Task instructions
Among the entries below, only the lines starting at the one with "Diante da onda" and ending at the one with "Täysi kotikuntosali avaamattomassa", both included, are to be printed exactly.

****************************************

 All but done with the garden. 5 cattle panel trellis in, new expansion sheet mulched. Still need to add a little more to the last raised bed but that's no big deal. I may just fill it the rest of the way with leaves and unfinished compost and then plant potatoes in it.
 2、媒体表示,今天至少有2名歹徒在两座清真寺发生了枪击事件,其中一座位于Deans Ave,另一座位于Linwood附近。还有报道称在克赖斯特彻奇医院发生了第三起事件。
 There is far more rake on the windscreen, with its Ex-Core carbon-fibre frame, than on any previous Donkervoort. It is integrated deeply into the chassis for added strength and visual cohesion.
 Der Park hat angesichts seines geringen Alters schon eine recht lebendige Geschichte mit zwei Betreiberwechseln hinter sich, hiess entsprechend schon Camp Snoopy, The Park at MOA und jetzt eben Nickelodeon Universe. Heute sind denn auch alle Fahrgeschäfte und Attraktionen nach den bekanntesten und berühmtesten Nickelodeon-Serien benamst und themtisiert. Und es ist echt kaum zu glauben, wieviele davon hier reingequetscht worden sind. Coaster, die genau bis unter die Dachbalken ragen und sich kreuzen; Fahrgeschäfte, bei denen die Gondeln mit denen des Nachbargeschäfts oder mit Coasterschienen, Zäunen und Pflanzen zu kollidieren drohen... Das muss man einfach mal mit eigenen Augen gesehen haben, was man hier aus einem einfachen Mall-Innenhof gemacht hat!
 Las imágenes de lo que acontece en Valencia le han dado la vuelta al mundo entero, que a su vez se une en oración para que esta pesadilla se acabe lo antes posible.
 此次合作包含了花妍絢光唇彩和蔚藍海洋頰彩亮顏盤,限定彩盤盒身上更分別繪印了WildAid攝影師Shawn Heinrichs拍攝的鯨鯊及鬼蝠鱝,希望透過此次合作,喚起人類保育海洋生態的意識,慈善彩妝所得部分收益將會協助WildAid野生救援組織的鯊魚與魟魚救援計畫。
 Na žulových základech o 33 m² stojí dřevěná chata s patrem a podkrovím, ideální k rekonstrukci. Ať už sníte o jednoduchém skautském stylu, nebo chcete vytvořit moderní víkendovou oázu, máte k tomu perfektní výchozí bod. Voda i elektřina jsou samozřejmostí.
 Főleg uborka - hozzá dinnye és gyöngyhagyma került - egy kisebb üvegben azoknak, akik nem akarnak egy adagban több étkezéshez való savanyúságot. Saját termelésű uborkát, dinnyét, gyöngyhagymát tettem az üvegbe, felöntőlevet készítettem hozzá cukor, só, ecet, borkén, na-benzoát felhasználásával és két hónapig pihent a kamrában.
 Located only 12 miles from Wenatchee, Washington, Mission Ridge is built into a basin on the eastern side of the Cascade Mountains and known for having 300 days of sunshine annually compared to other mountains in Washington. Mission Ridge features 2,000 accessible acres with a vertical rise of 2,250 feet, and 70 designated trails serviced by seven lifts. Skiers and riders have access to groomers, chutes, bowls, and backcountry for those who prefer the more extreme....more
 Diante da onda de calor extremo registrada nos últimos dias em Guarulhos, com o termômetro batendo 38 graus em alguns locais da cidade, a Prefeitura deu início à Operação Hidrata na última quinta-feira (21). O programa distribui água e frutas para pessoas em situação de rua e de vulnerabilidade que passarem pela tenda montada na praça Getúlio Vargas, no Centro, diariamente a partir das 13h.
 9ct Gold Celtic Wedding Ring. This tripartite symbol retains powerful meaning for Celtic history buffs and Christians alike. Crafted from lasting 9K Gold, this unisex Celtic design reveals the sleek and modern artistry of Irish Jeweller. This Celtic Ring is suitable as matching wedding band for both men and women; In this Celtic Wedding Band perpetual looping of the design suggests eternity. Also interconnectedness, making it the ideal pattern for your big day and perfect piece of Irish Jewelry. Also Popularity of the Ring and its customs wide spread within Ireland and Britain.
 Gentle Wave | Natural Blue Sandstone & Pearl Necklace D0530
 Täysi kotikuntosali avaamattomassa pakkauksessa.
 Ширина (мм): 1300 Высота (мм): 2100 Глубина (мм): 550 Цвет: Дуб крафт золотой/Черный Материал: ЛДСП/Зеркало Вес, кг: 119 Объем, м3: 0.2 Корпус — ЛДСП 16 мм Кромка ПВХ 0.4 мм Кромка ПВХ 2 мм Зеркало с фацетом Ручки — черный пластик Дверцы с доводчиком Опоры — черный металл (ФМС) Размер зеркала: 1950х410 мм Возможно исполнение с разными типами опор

****************************************

Response box
 Diante da onda de calor extremo registrada nos últimos dias em Guarulhos, com o termômetro batendo 38 graus em alguns locais da cidade, a Prefeitura deu início à Operação Hidrata na última quinta-feira (21). O programa distribui água e frutas para pessoas em situação de rua e de vulnerabilidade que passarem pela tenda montada na praça Getúlio Vargas, no Centro, diariamente a partir das 13h.
 9ct Gold Celtic Wedding Ring. This tripartite symbol retains powerful meaning for Celtic history buffs and Christians alike. Crafted from lasting 9K Gold, this unisex Celtic design reveals the sleek and modern artistry of Irish Jeweller. This Celtic Ring is suitable as matching wedding band for both men and women; In this Celtic Wedding Band perpetual looping of the design suggests eternity. Also interconnectedness, making it the ideal pattern for your big day and perfect piece of Irish Jewelry. Also Popularity of the Ring and its customs wide spread within Ireland and Britain.
 Gentle Wave | Natural Blue Sandstone & Pearl Necklace D0530
 Täysi kotikuntosali avaamattomassa pakkauksessa.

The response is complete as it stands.